#### Activity
Set down, word for word, the stretch of lines from the one containing "Мэдуза: Залуу хосын" to the end of the records below.

Stored records
=-=-=-=-=
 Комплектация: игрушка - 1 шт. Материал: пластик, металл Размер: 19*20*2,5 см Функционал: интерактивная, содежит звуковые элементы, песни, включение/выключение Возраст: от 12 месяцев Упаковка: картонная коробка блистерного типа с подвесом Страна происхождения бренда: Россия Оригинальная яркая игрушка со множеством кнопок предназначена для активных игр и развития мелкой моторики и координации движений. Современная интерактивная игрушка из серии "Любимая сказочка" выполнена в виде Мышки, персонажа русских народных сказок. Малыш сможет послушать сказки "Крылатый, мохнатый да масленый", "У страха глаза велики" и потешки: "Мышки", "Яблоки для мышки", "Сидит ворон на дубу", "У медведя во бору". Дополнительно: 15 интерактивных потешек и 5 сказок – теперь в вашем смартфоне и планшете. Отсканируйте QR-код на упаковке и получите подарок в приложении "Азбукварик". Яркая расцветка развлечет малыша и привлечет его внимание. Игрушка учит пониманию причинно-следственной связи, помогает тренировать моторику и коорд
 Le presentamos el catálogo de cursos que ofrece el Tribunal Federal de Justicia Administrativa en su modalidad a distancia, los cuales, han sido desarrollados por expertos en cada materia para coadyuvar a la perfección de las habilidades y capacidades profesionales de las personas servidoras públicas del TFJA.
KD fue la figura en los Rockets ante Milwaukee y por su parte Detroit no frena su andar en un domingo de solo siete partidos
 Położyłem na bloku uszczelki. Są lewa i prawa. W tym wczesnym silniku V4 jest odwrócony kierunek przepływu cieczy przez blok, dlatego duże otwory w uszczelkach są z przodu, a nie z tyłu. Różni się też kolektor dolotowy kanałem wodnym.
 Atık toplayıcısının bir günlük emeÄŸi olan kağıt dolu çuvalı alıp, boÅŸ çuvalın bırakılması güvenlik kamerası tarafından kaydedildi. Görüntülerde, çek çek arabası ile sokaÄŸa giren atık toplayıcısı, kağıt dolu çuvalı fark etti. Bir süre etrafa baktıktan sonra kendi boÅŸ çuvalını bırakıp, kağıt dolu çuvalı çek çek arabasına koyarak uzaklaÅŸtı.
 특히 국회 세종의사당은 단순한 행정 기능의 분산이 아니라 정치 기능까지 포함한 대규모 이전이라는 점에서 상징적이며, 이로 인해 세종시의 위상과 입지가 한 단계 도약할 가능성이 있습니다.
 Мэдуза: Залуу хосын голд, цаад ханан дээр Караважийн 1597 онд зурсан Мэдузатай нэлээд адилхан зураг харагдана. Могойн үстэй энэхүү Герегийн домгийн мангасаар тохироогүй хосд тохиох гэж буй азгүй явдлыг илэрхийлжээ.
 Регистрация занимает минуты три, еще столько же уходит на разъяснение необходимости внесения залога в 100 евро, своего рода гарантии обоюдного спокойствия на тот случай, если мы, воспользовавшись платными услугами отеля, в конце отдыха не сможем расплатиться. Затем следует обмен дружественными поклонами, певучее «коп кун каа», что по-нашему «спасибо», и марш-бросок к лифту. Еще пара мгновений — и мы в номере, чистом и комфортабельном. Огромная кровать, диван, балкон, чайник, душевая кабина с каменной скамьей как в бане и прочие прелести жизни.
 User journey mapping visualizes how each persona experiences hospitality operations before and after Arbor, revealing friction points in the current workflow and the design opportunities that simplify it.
=-=-=-=-=
#### Response box
 Мэдуза: Залуу хосын голд, цаад ханан дээр Караважийн 1597 онд зурсан Мэдузатай нэлээд адилхан зураг харагдана. Могойн үстэй энэхүү Герегийн домгийн мангасаар тохироогүй хосд тохиох гэж буй азгүй явдлыг илэрхийлжээ.
 Регистрация занимает минуты три, еще столько же уходит на разъяснение необходимости внесения залога в 100 евро, своего рода гарантии обоюдного спокойствия на тот случай, если мы, воспользовавшись платными услугами отеля, в конце отдыха не сможем расплатиться. Затем следует обмен дружественными поклонами, певучее «коп кун каа», что по-нашему «спасибо», и марш-бросок к лифту. Еще пара мгновений — и мы в номере, чистом и комфортабельном. Огромная кровать, диван, балкон, чайник, душевая кабина с каменной скамьей как в бане и прочие прелести жизни.
 User journey mapping visualizes how each persona experiences hospitality operations before and after Arbor, revealing friction points in the current workflow and the design opportunities that simplify it.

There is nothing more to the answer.